Some animal welfare activists fiercely opposed this pragmatic, nuanced approach to the baboons of Cape Town. But it has become a widely acclaimed model for resolving animal-human conflict in cities, forging an increasing peace between papio ursinus and homo sapiens at the tip of Africa.

It’s a little harder to make nice with urban leopards – but in Mumbai, a similarly delicate balance has been struck between the interests of humans and those of the dozens of leopards who live in the city’s adjoining Sanjay Gandhi National Park, some of whom stray into the city itself.
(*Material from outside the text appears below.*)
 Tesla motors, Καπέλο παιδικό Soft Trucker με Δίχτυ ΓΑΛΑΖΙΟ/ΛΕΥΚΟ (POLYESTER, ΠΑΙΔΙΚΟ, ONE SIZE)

These predators survive and thrive by preying on the teeming stray dogs that inhabit both the park and the metropolis – it is illegal to kill strays in India, so the cats’ food supply is guaranteed. Rarely do they attack or kill people, and the authorities rely on the traditional Indian reverence for big cats as the basis for a seemingly miraculous ecological harmony.

Urban beasts are here to stay. And their sudden visibility during the dark silence of the pandemic was a rapture, not a rupture; a moment that could strengthen humanity’s complicated bond with other creatures. As a result, our children may come to enjoy a deeper understanding than we do of our future on this planet.